The extent to which the war has further impoverished Ukrainian society was underlined last week by the head of the Ukrainian parliament’s Committee on Social Policy and Veterans’ Rights, Galyna Tretiakova.
In a rare official acknowledgement of the social disaster in Ukraine, Tretiakova stated, “We have a catastrophic ratio of people who are considered poor. In fact, the war has thrown us back 16 years in terms of overcoming the problem of poverty.” A World Bank report released last month indicated that the number of people living in poverty in Ukraine had grown by about 1.8 million since 2020, increasing to almost a third of the entire population at 29 percent.
In total, 9 million Ukrainians were living in poverty as of last year,while the country’s overall population has dropped precipitously from 40 million to 32 million. These figures do not take into account the immense loss of life among Ukrainian soldiers, which is estimated at well over half a million now.

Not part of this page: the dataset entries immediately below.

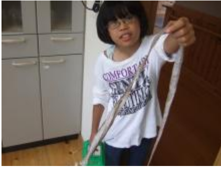
途中で蛇の抜け皮を発見 ↑
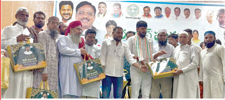
నిరుపేద ముస్లింలకు రంజాన్ తోపాటు పంపిణీ చేస్తున్న దృశ్యం
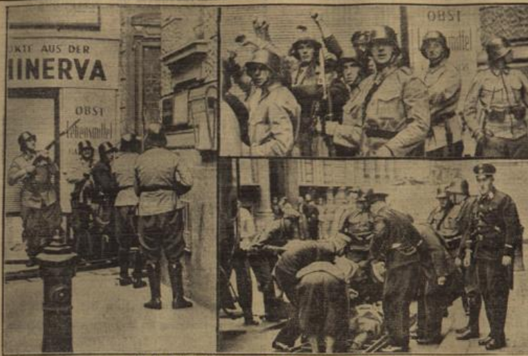
Erste Originalbilder von den Unruhen in Wien.

Links: Das Gebäude der Wiener Kanak wird von der Exekutive gestürmt. — Rechts oben: Die Terroristen werden nach schwerem Feuerkampf abgeführt. — Rechts unten: Ein bei den Kämpfen verletzter Polizist wird abtransportiert.
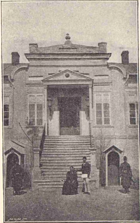
Intrarea principală a vechiului palat de la Cotroceni.
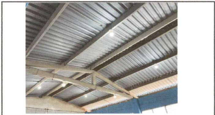
Foto 4: Reparación de sistema eléctrico, Reparación de cableado eléctrico.
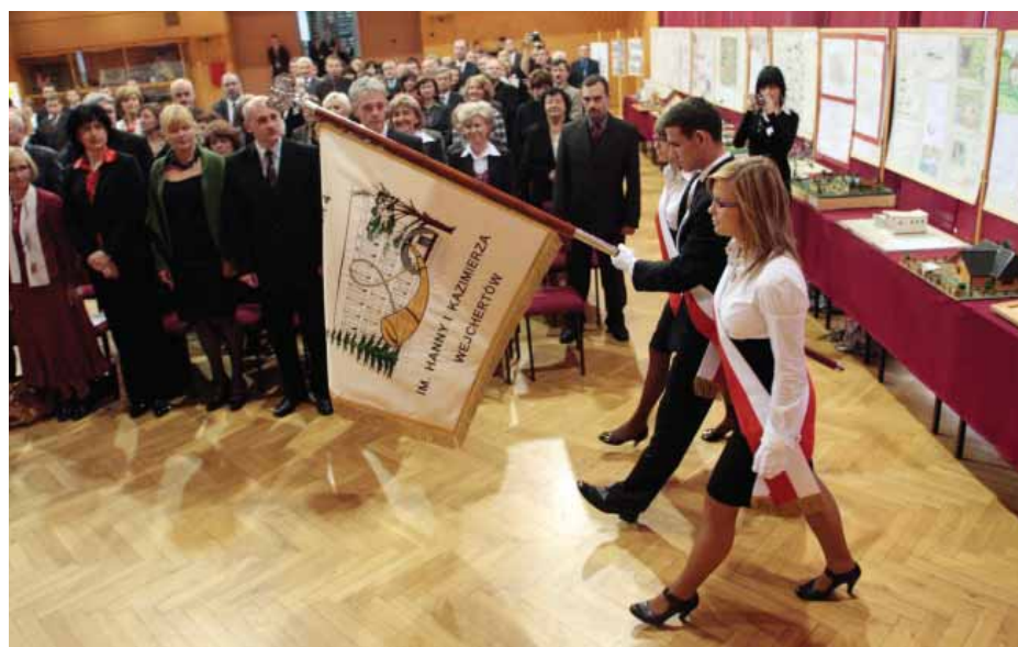
14 października Technikum nr 4 należące do Zespołu Szkół nr 5, przyjęło imię profesorów.

można posługiwać się kartą. Planujemy, że Śląską Kartą Usług Publicznych będzie można płacić m.in. za parkingi na terenie miasta, za korzystanie z obiektów rekreacyjno-sportowych i kulturalnych (m.in. Stadion Zimowy, Kryta Pływalnia, Hala Sportowa, Teatr Mały, Muzeum Miejskie), będzie pełniła funkcję karty dostępowej w Miejskiej Bibliotece Publicznej, umożliwi także pobieranie opłat od mieszkańców w Urzędzie Miasta Tychy – wymienia Marta Witk z UM Tychy. MS
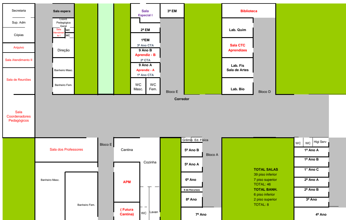
Figura 1. Planta baixa do 1º piso do Colégio Imperatriz Dona Leopoldina. A marcação em verde refere-se às áreas externas existentes entre cada pavimento.

Nas figuras 1 e 2 tem-se a planta baixa do pavimento da educação básica e do ensino profissionalizante. Pode-se evidenciar através da cor verde que os espaços externos entre os blocos de salas de aulas são generosos, assim como os ambientes escolares, uma vez que as turmas possuem números médios de estudantes, sendo entre 10 e 20 alunos por turma, o que facilita a organização do ambiente para o distanciamento.
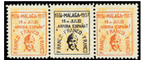
2354 20 €
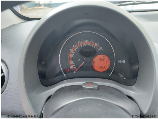
Painel ligado constando KM total e com conta-giros acima de zero - -
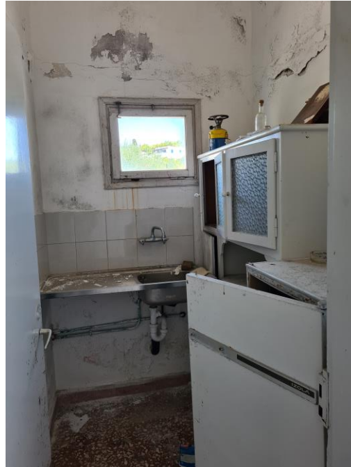
Εικ.4 και 5_ Χαρακτηριστικές Φωτογραφίες του Εσωτερικού του Ξενώνα
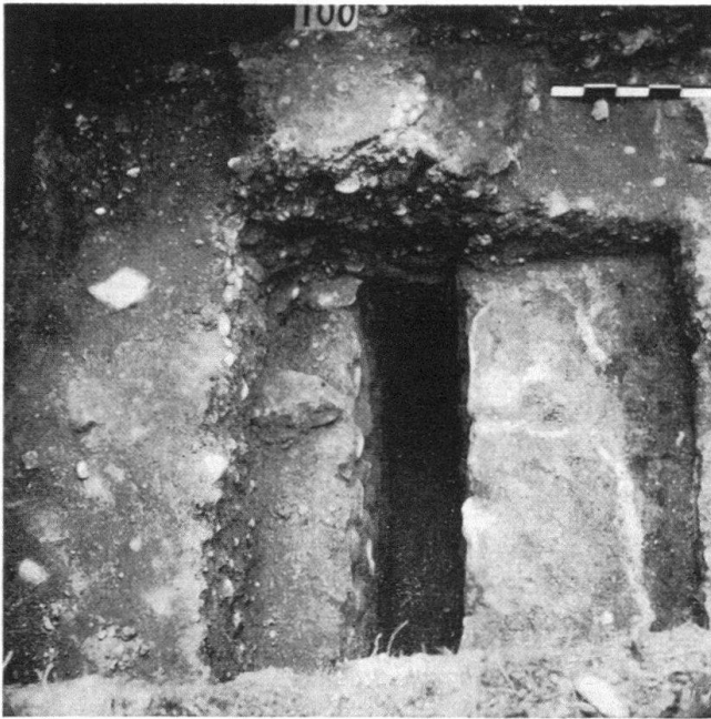
Abb. 35. Schnitt durch die Nord-Südlagerstraße entlang der Ostfront der Principia.
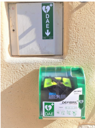
Le Défibrillateur Automatisé Externe installé sur la façade de la salle d'animation.

E n France, on compte près de 50 000 morts subites d'adultes ou par arrêt cardio-respiratoire (ACR), et un tiers de ces personnes ont moins de 55 ans. Or, 90 % de ces arrêts cardio-respiratoires nécessitent une défibrillation. Les chances de survie d'une victime passent de 2 à 33%, si les témoins appellent le 15 ou le 112 , pratiquent le massage cardiaque et utilisent un défibrillateur. La
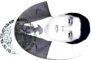
SISTEMA EDUCATIVO NACIONAL
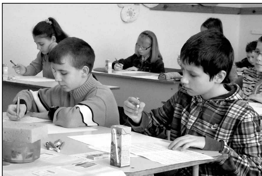
Az ötödik-hatodik osztályosok korcsoportja megkezdte a feladatok megoldását

A megyei szervezési és lebonyolítási feladatokat a sarkadi Általános Iskola látta el
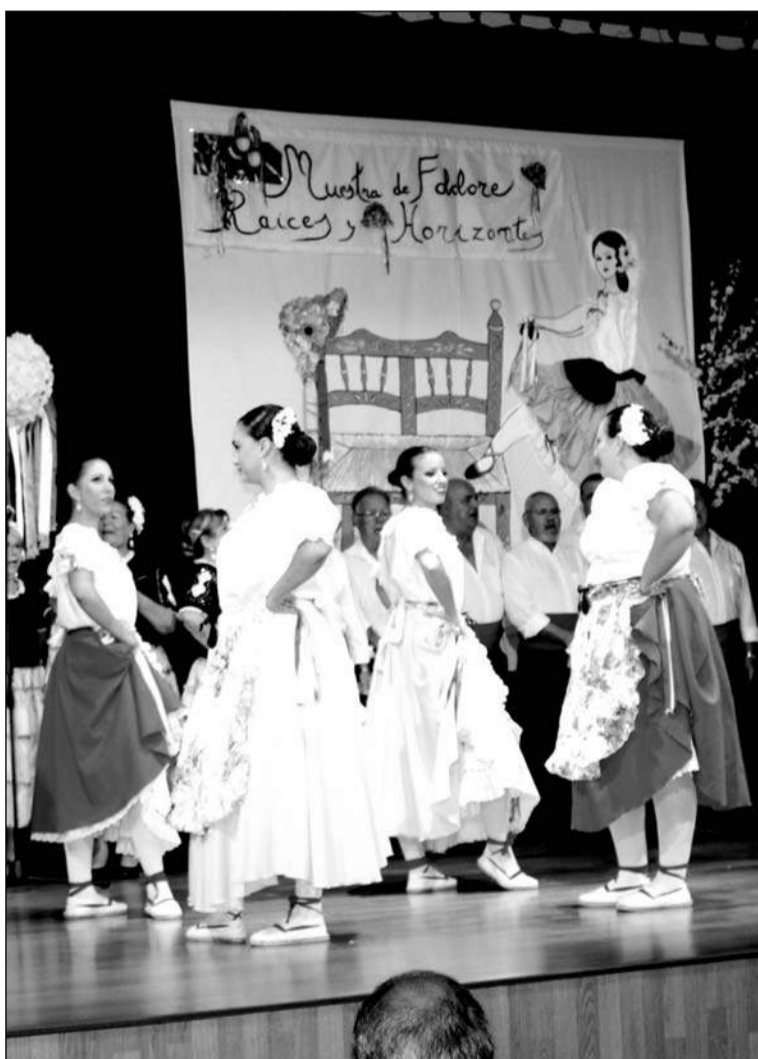
Un momento del espectáculo.
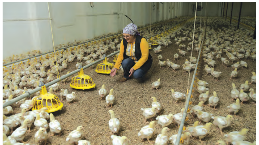
КФХ активно занимаются птицеводством.

Местный бизнес активно осваивает сферу пищевой промышленности.
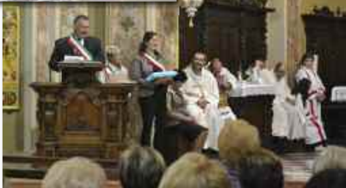
I rappresentanti delle quattro comunità civili
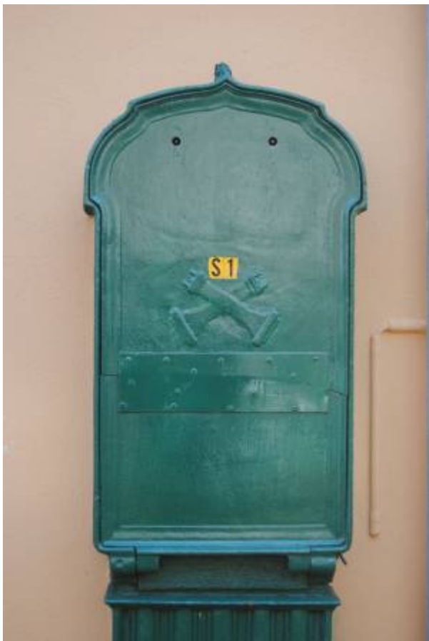
Koblingssskap for Egersunds Telefonselskab.

Byens første telefonlinje ble satt opp mellom jernbanestasjonen og Dampskipskaien i slutten av mai 1887 av tre unge teknologiforkjempere. De to viktigste kommunikasjonspunkter i byen hadde dermed fått et godt hjelpemiddel for å samordne korrespondansen mellom båt og tog.
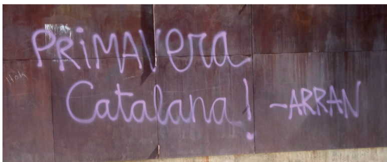
Primavera catalana! - Arran
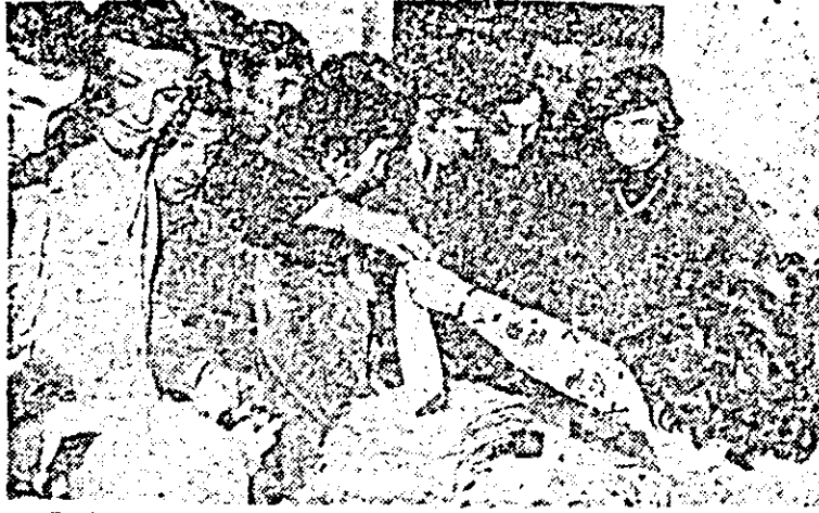
Zeci de angajați de la I.V.A. la rînd pentru a dona sînge.
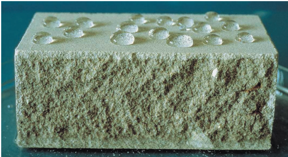
Фото 1. Жемчужный эффект на гидрофобизированной поверхности.

подавляющее большинство качественных гидрофобизаторов состоит из смеси силан/силоксанов с добавлением различных вспомогательных веществ. Помимо растворителя, к вспомогательным веществам также относятся эмульгаторы, консерванты и катализаторы. Реже
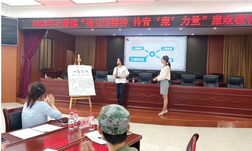
石船镇青年干部在廉政教育活动中踊跃发言,阐述各自观点

会议强调,要坚持不懈用习近平新时代中国特色社会主义思想凝心铸魂,在思想政治上上下下功夫,坚定捍卫“两个确立”,坚决做到“两个维护”;在履职尽责上下功夫,切实推动党风廉政建设与业务工作深度融合、一体推进;在组织上下下功夫,推动基层党组织全面进步全面过硬;在正风肃纪上下功夫,持续营造风清气正政治生态。
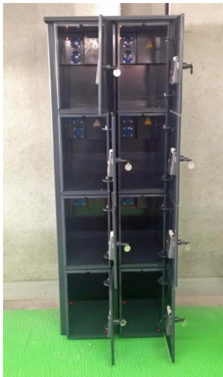
NSA Lockerkast 2x4
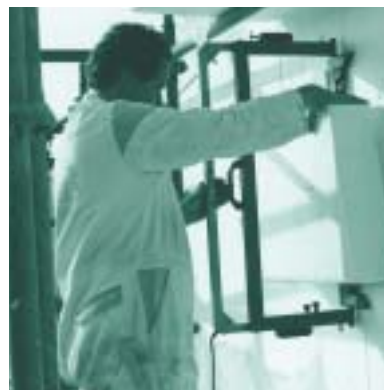
Bij het snijden met een gloeiende draad komt geen stof vrij

Het zagen, snijden, in de spouw plaatsen en het überhaupt aanpakken van bepaalde bouwproducten kan leiden tot irritatie van huid, ogen en luchtwegen en benauwdheid. De mate waarin dat gebeurt is afhankelijk van de wijze waarop men die producten hanteert en de mate van ventilatie. Hoewel dit niet levensbedreigend is, vinden onderzoekers wel dat dergelijk 'alledaags welbevinden' van bouwvakkers aandacht behoeft [ref 11]. EPS staat alom bekend als een prettig materiaal om mee te werken. Het veroor-
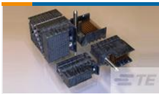
TE 产品编号2007850-1 IMP100S,H,V5P10C,UG,DEW46,4.5
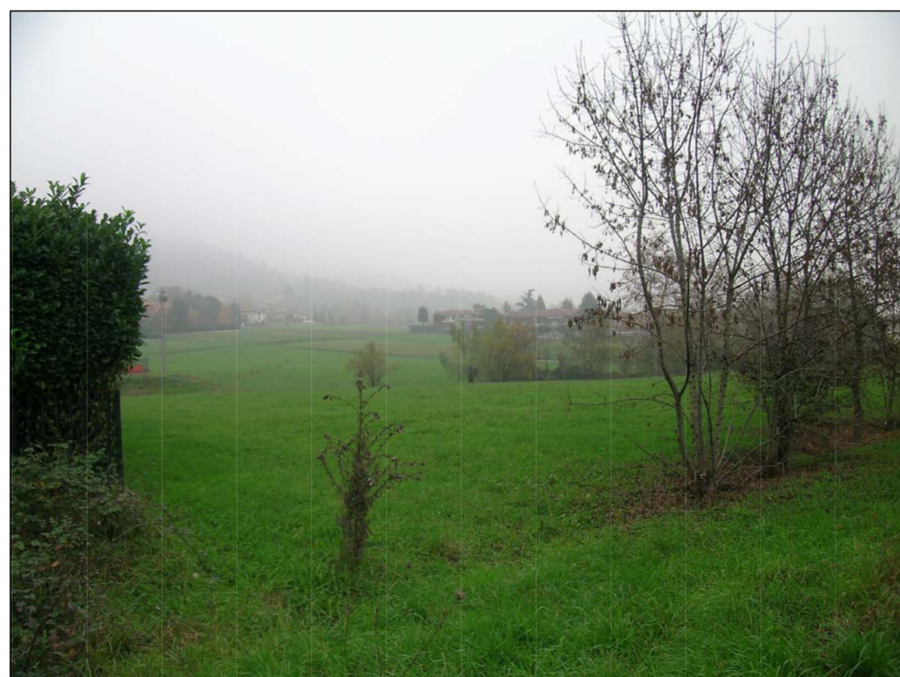
VISTA FOTOGRAFICA 6
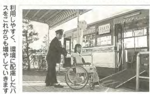
利用しやすく、環境に配慮したバスをこれからも増やしていきます

また今年、行政リストラ実施計画の最終年度となります。しかし、実施計画に掲げた目標は決してそこで終わる
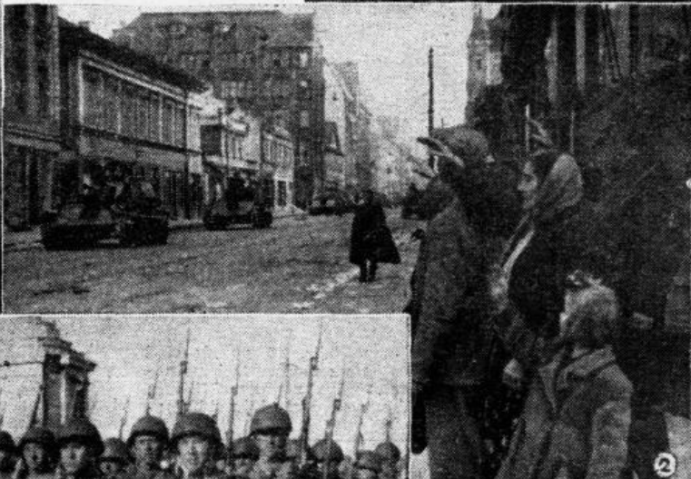
1. Tā fašistiskais nezvērs postīja mūsu galvaspilsētu.

korpusa ārējās durvis, Vitols lēniem soļiem aizgāja pāri sētai uz savu būdu. Nakts gulēja apkārt kā melns, nekustīgs ūdens. Kaut kur tālā dziļumā skāpeja šāvieni, rēca sirēnas. Viņš atlaidās uz sola un vaļējām acīm sēdēja līdz rīta gaismai.

The report also showed that the increase in poverty was driven by skyrocketing unemployment. A fifth of working adults have lost their jobs following the outbreak of full-scale war in February 2022. One in four Ukrainians surveyed did not have enough money to buy food at some point in June 2023, according to the World Bank report.
Amidst this social disaster, the Zelensky government, seeking to both finance the war effort and placate its international creditors, is preparing further cuts to social spending. Ukraine’s Minister of Social Policy Oksana Zholnovych declared last week, “We have taken on an excessive number of social obligations, social payments, which cannot always be supported by financial resources. And this imbalance entails a huge number of judgments that cannot be fulfilled in terms of the economy’s ability to cover such expenses.”
Already, Ukraine spends more on its military than on social spending, but, according to Zholnovych, the government now has to further “revise the philosophy of social payments” and “optimize” them.
While it is as yet unclear exactly how the Zelensky regime plans to cut social spending further, Zholnovych told UNN that a draft law had already been prepared to revise social payments as Ukraine continues its necessary “reforms” to fulfill its obligations to the IMF and Western imperialism.